**Required action**
Please set down the data again exactly, minus the pictures.

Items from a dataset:
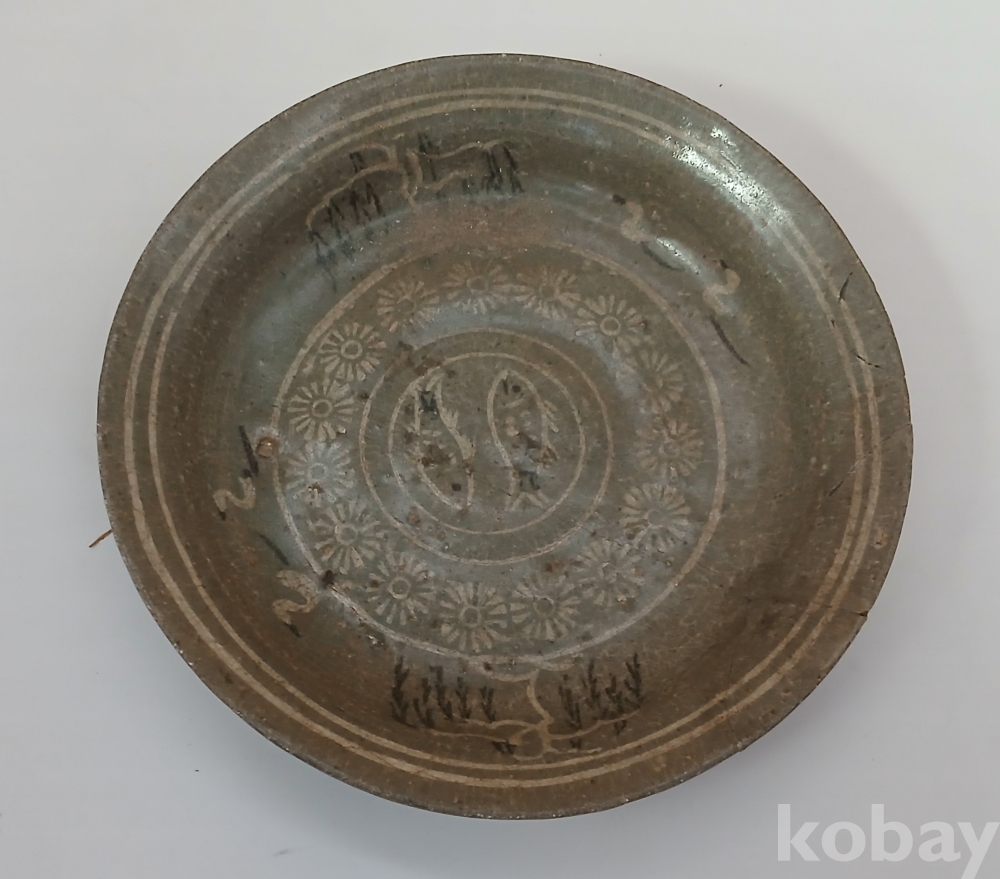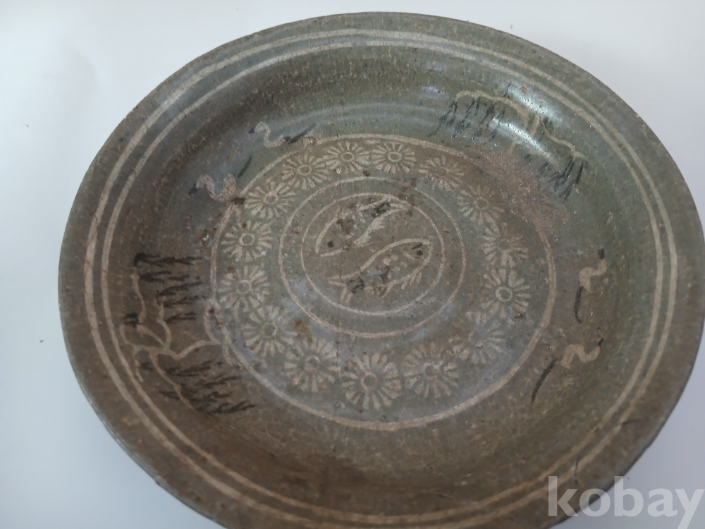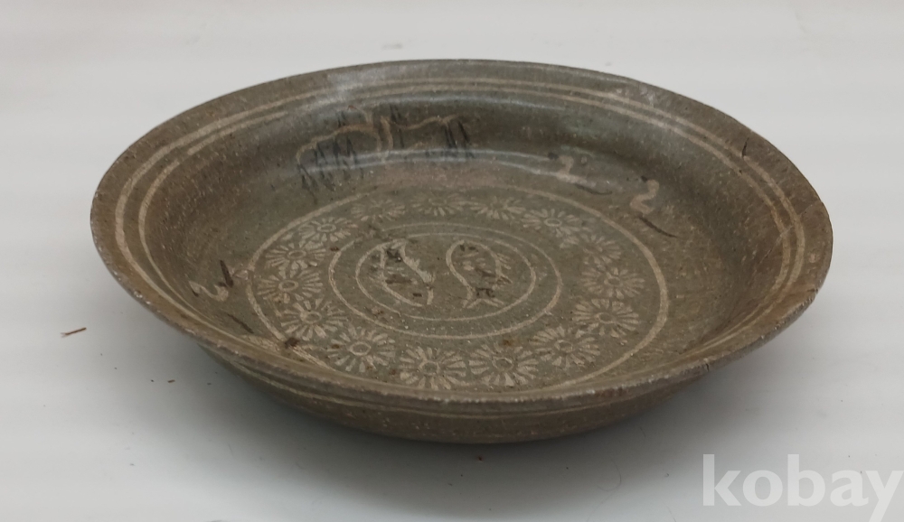 고려 청자 흑백상감 쌍어문 접시 입니다.
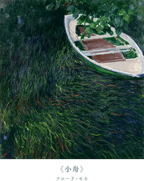 やや縦長の正方形に近い画面のほとんどを占めるのは、透明な川の底で光を反射する水草です。水草は、黄色や赤の筆触がまるで小さな魚の群れのように川の流れに揺れ動いています。誰もいない小舟と暗い川底のうごめきは、異世界のような少し不気味な雰囲気さえ醸し出しています。モネは水中の世界を描く難しさについて、次のように手紙に書き残しました。「川底で揺れ動く水草と水を捉えるという、不可能なことに取り組みました。それは眺める分にはすばらしいのですが、描こうすると気が狂いそうになります。」
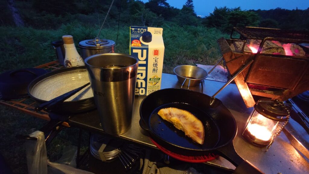 炭火で焼いてもいいのですが、大きすぎて周辺まで火が通る頃には中心部が焼け焦げてしまいそうなので、スキレットで蒸し焼きにすることにします。
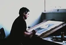 John Brack working on the portrait of J.R. McLeod circa 1971
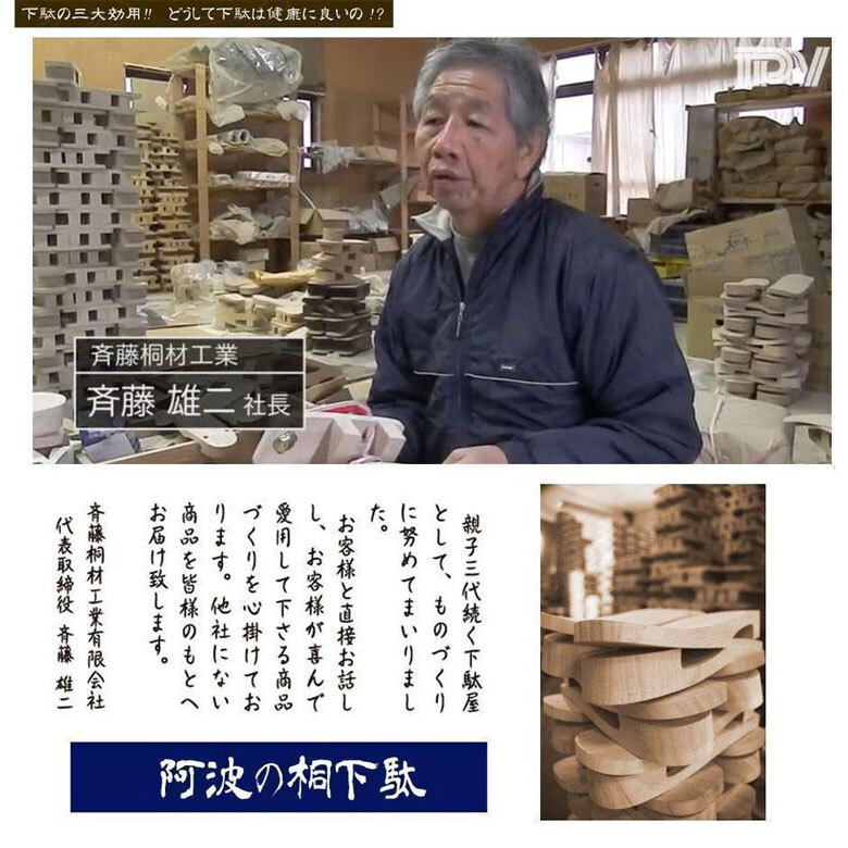 古くより地域に伝わる伝統産業である桐下駄の製造技術と商品に、 洋服にも映える阿波の桐下駄を企画いたしました。 ファッションに関心のある人びとにデザイン性豊かな桐下駄を。 ■太古の歴史を持ち今日に伝わる下駄のその一大産地・阿波三加茂。 昭和25年当時では70軒もの製造業者が軒を連ねていたといいます。 原料不足響、洋風履物の隆盛などにより、下火となっていくのですが、 斎藤桐工業のつくる下駄はその品質の高さから皆様に愛され、 現在は県内に一軒のみの製造工場となりました。 日本一の桐下駄職人の造る下駄は確かな品質です。 | |
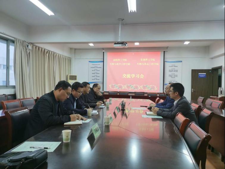 冀宏院长详细介绍了生物与食品工程学院在高水平应用型人才培养方案制定、一流专业建设、产业学院、校企协同育人方面积累的成果和经验。罗建成院长介绍了我院的师资队伍、专业特色、学院发展情况及此行调研的主要目的。双方重点就高水平应用型人才培养方案制定、一流专业建设、校企协同育人及实验室建设管理运营等方面的内容进行了交流探讨。
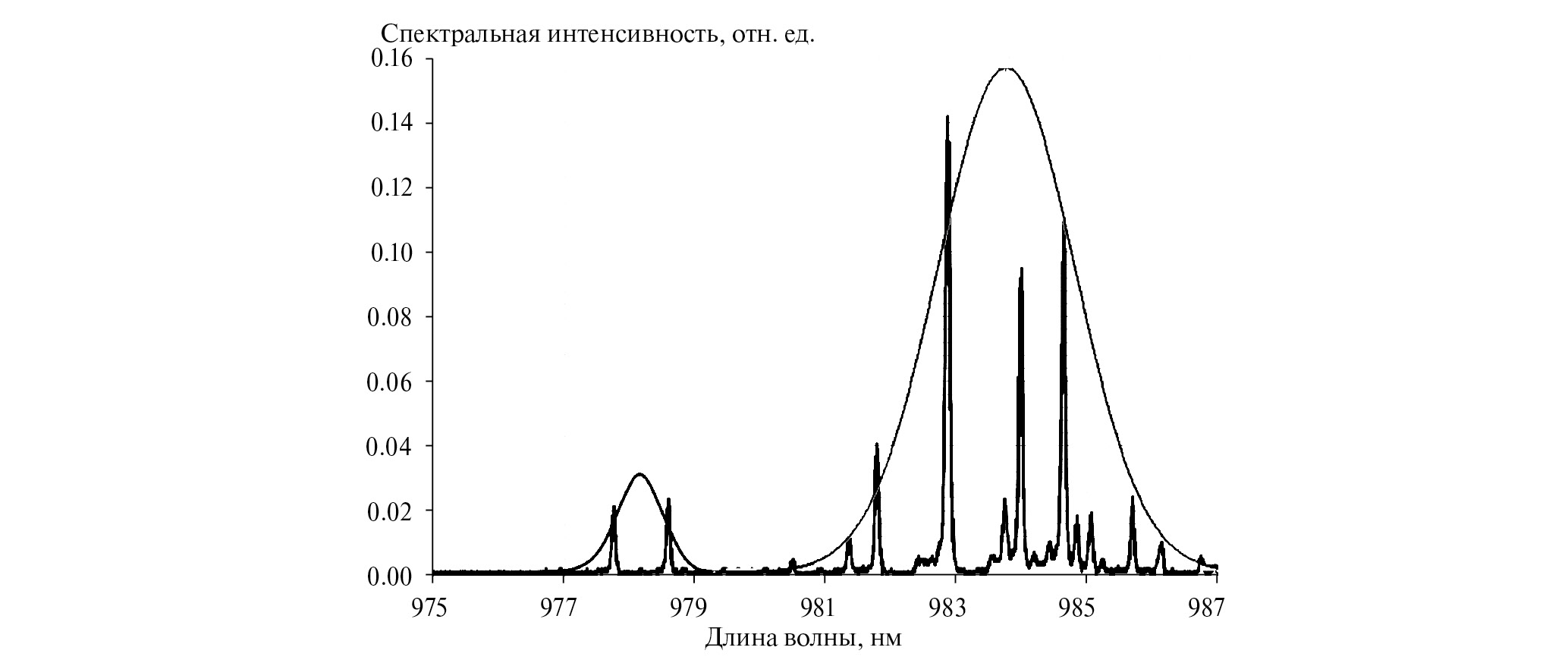 Процесс деградации МЛД рассмотрим на примере МЛД 129. На рис. 1 и 2 представлены спектры этого прибора до и после наработки. Видно, что спектр излучения МЛД 129 лежит в диапазоне, указанном в паспорте, — 980 ± 5 нм. В этом же диапазоне длин волн находится спектр излучения и остальных МЛД. Спектр в основном представляет собой эквидистантно расположенные линии, что характерно для резонатора Фабри-Перо. Это позволяет определить тонкую структуру спектра как структуру, состоящую из пиков продольных мод МЛД. В тонкой структуре наблюдаются группы продольных мод с пиками большой интенсивности. Огибающие таких групп пиков представляют собой элементы грубой структуры спектра МЛД, соответствующие разным пространственным каналам генерации, рассмотренным нами ранее в работах [5, 6]. В процессе деградации МЛД 129 наблюдаются два процесса: появление в грубом спектре двух новых огибающих групп пиков большой интенсивности и увеличение спектральной ширины линий продольных мод. На рис. 2 также видно, что внутри огибающих одновременно происходит уширение линий тонкой структуры спектра — резонансов продольных мод. Заметим, что общее число генерируемых продольных мод МЛД при деградации увеличивается и составляет для рассматриваемого лазера несколько десятков штук.
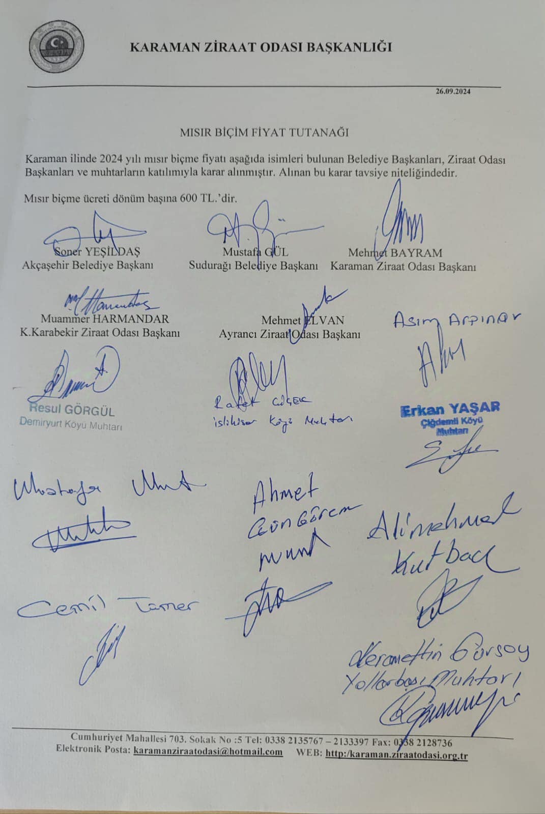 26 Eylül 2024 tarihinde Karaman Merkez Ziraat Odasında Karaman'daki çiftçilerimiz ve biçerdöver esnafımızın talepleri doğrultusunda 2024 Mısır biçim fiyatlarını belirlemek üzere bir toplantı gerçekleştirdi.

**Exercise solution**
 고려 청자 흑백상감 쌍어문 접시 입니다.
 やや縦長の正方形に近い画面のほとんどを占めるのは、透明な川の底で光を反射する水草です。水草は、黄色や赤の筆触がまるで小さな魚の群れのように川の流れに揺れ動いています。誰もいない小舟と暗い川底のうごめきは、異世界のような少し不気味な雰囲気さえ醸し出しています。モネは水中の世界を描く難しさについて、次のように手紙に書き残しました。「川底で揺れ動く水草と水を捉えるという、不可能なことに取り組みました。それは眺める分にはすばらしいのですが、描こうすると気が狂いそうになります。」
 炭火で焼いてもいいのですが、大きすぎて周辺まで火が通る頃には中心部が焼け焦げてしまいそうなので、スキレットで蒸し焼きにすることにします。
 John Brack working on the portrait of J.R. McLeod circa 1971
 古くより地域に伝わる伝統産業である桐下駄の製造技術と商品に、 洋服にも映える阿波の桐下駄を企画いたしました。 ファッションに関心のある人びとにデザイン性豊かな桐下駄を。 ■太古の歴史を持ち今日に伝わる下駄のその一大産地・阿波三加茂。 昭和25年当時では70軒もの製造業者が軒を連ねていたといいます。 原料不足響、洋風履物の隆盛などにより、下火となっていくのですが、 斎藤桐工業のつくる下駄はその品質の高さから皆様に愛され、 現在は県内に一軒のみの製造工場となりました。 日本一の桐下駄職人の造る下駄は確かな品質です。 | |
 冀宏院长详细介绍了生物与食品工程学院在高水平应用型人才培养方案制定、一流专业建设、产业学院、校企协同育人方面积累的成果和经验。罗建成院长介绍了我院的师资队伍、专业特色、学院发展情况及此行调研的主要目的。双方重点就高水平应用型人才培养方案制定、一流专业建设、校企协同育人及实验室建设管理运营等方面的内容进行了交流探讨。
 Процесс деградации МЛД рассмотрим на примере МЛД 129. На рис. 1 и 2 представлены спектры этого прибора до и после наработки. Видно, что спектр излучения МЛД 129 лежит в диапазоне, указанном в паспорте, — 980 ± 5 нм. В этом же диапазоне длин волн находится спектр излучения и остальных МЛД. Спектр в основном представляет собой эквидистантно расположенные линии, что характерно для резонатора Фабри-Перо. Это позволяет определить тонкую структуру спектра как структуру, состоящую из пиков продольных мод МЛД. В тонкой структуре наблюдаются группы продольных мод с пиками большой интенсивности. Огибающие таких групп пиков представляют собой элементы грубой структуры спектра МЛД, соответствующие разным пространственным каналам генерации, рассмотренным нами ранее в работах [5, 6]. В процессе деградации МЛД 129 наблюдаются два процесса: появление в грубом спектре двух новых огибающих групп пиков большой интенсивности и увеличение спектральной ширины линий продольных мод. На рис. 2 также видно, что внутри огибающих одновременно происходит уширение линий тонкой структуры спектра — резонансов продольных мод. Заметим, что общее число генерируемых продольных мод МЛД при деградации увеличивается и составляет для рассматриваемого лазера несколько десятков штук.
 26 Eylül 2024 tarihinde Karaman Merkez Ziraat Odasında Karaman'daki çiftçilerimiz ve biçerdöver esnafımızın talepleri doğrultusunda 2024 Mısır biçim fiyatlarını belirlemek üzere bir toplantı gerçekleştirdi.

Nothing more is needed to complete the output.